» Task brief
From the entries below, return exactly the lines beginning at the one that contains "वो आगे बताती" and ending at the one that contains "밑단 언밸런스 기장에 앞부분 세미 크롭으로 경쾌한 무드", both of them included, and only those lines.

Extracted data Start Marker

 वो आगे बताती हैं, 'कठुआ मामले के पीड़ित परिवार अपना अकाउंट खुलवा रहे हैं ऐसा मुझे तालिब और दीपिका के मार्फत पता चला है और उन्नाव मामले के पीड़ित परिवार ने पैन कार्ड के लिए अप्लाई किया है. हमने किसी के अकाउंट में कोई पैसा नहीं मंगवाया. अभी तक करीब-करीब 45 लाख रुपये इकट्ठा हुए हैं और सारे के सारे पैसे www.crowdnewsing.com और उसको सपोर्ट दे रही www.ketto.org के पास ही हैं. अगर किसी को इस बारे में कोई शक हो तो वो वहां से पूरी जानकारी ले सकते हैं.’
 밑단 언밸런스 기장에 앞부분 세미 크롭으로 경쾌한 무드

Extracted data End Marker
Extracted data Start Marker

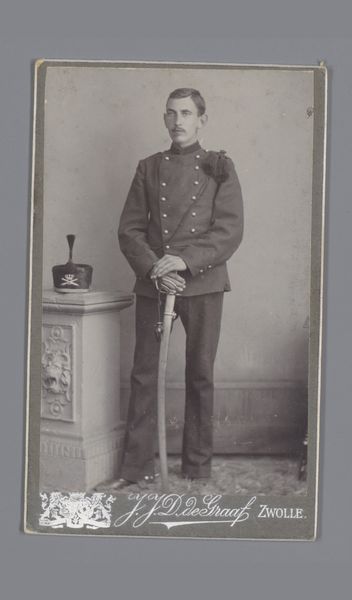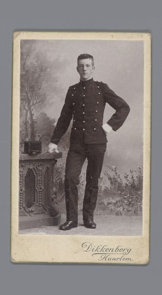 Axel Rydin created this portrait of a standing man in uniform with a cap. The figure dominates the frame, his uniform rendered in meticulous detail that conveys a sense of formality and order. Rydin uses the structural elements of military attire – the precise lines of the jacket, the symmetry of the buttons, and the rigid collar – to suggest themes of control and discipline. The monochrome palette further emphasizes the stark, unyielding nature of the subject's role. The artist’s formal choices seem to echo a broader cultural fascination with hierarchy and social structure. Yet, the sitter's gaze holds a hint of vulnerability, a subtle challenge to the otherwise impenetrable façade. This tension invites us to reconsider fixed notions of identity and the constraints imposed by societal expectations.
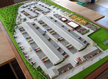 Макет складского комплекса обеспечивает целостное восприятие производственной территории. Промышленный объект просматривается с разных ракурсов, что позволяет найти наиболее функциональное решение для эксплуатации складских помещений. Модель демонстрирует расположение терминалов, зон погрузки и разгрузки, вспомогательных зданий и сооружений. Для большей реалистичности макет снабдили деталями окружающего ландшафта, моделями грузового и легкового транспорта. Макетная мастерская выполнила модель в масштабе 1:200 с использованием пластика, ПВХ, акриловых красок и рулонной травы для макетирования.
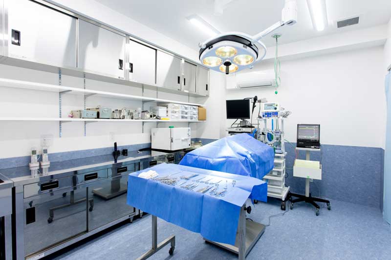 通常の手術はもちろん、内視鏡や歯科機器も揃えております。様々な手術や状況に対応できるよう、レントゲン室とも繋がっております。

Extracted data End Marker

» Reply
 वो आगे बताती हैं, 'कठुआ मामले के पीड़ित परिवार अपना अकाउंट खुलवा रहे हैं ऐसा मुझे तालिब और दीपिका के मार्फत पता चला है और उन्नाव मामले के पीड़ित परिवार ने पैन कार्ड के लिए अप्लाई किया है. हमने किसी के अकाउंट में कोई पैसा नहीं मंगवाया. अभी तक करीब-करीब 45 लाख रुपये इकट्ठा हुए हैं और सारे के सारे पैसे www.crowdnewsing.com और उसको सपोर्ट दे रही www.ketto.org के पास ही हैं. अगर किसी को इस बारे में कोई शक हो तो वो वहां से पूरी जानकारी ले सकते हैं.’
 밑단 언밸런스 기장에 앞부분 세미 크롭으로 경쾌한 무드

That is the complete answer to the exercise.